If you replace groups (and ONLY groups) by the expression, it does work:

for time,g in {k:list(g) for k,g in groupby(sorted(listIn,key=lambda l:l['time']),lambda l:l['time'])}.iteritems()

Or you could calculate the means without using len:

return reduce(lambda x, (i, y): float(x*i + (y['Adata'] or 0)) / (i+1), enumerate(g), 0)

But the REAL issue, if you want to use the generators directly, is that you're using the same one twice.
Which doesn't work:

gen = (i for i in xrange(10))
a = sum(gen)
b = sum(gen)

a, b

(45, 0)

lrose · September 19, 2023, 11:51am

One should not reply prior to their morning caffeine injection.

pturmel · September 19, 2023, 12:02pm

If the source data is in a Perspective property, I'd use my groupBy() expression function.
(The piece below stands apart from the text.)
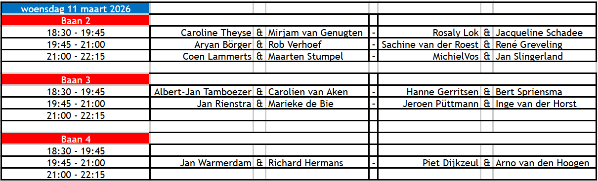Senioren - Duco speelschema woensdag 11 maart 2026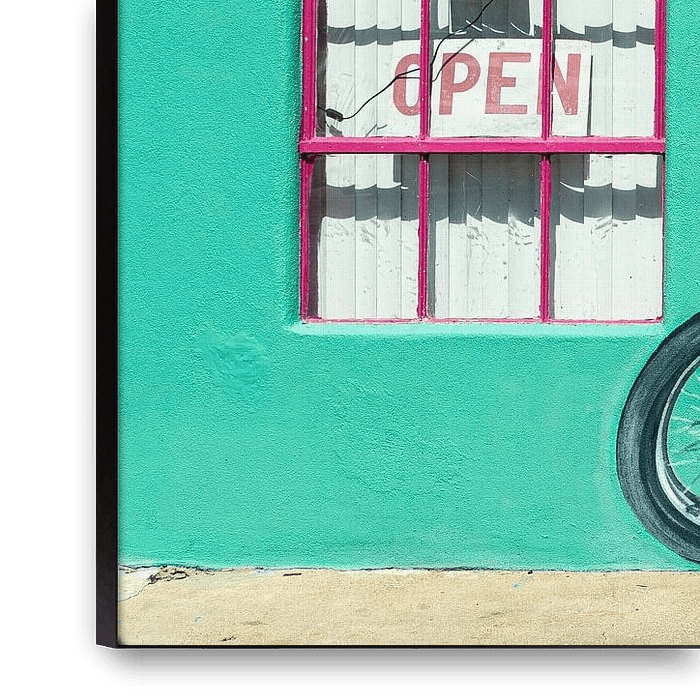 Lors de notre merveilleux tour d'Amérique, nous avons également emprunté la célèbre Route 66. C'est un plaisir de rouler le long des villes qui ont conservé leur style d'antan, avec les nombreux panneaux d'affichage américains, les néons et les nombreux restaurants, ou Diners. Les villes le long de la Route 66 sont certainement très colorées, c'est merveilleux à voir ! Nous avons beaucoup apprécié. Ici, à Kingsman, il y avait un restaurant entièrement dans le style des années 1950, avec une peinture murale colorée sur le mur extérieur d'une moto et d'une fille légèrement vêtue. Il fallait que je prenne une photo de l'image avec la publicité pour le restaurant de Mr D, les deux fenêtres et la belle peinture murale. J'aime beaucoup ce genre de photos ! Les couleurs sont vraiment superbes. C'est aussi une image joyeuse, car le soleil l'éclaire magnifiquement. Une vraie photo d'ambiance, presque une vraie peinture, à accrocher au mur pour s'imaginer dans l'Amérique des années 1950 ! Une telle photo convient à n'importe quel intérieur. Jetez également un coup d'œil à mes autres photos dans ma boutique, elles en valent vraiment la peine !

Like so:

forEach(
	groupBy(
		{path.to.source.property},
		it()['time'] // it() in this line is the groupBy()
	),
	asMap(
		'groupedTime', it()[0], // it() here is the outer forEach()
		'sumBdata', sum(
			forEach(
				it()[1], // it() here is the outer forEach()
				it()['Bdata'] // it() here is the forEach() inside the sum()
			)
		),
		'avgAdata', mean(
			forEach(
				it()[1], // it() here is the outer forEach()
				it()['Adata']// it() here is the forEach() inside the mean()
			)
		)
	)
)

Line breaks are optional in expression functions, so this could be a one-liner.

nminchin · September 20, 2023, 4:31am

Yes... duly noted!

@pturmel
Much more betterer!

forEach(groupBy({path.to.source.property},it()['time']//it()inthislineisthegroupBy()),asMap('groupedTime',it()[0],//it()hereistheouterforEach()'sumBdata',sum(forEach(it()[1],//it()hereistheouterforEach()it()['Bdata']//it()hereistheforEach()insidethesum())),'avgAdata',mean(forEach(it()[1],//it()hereistheouterforEach()it()['Adata']//it()hereistheforEach()insidethemean()))))

pturmel · September 20, 2023, 12:06pm

I think you have to ditch the comments when you squash it down to one line.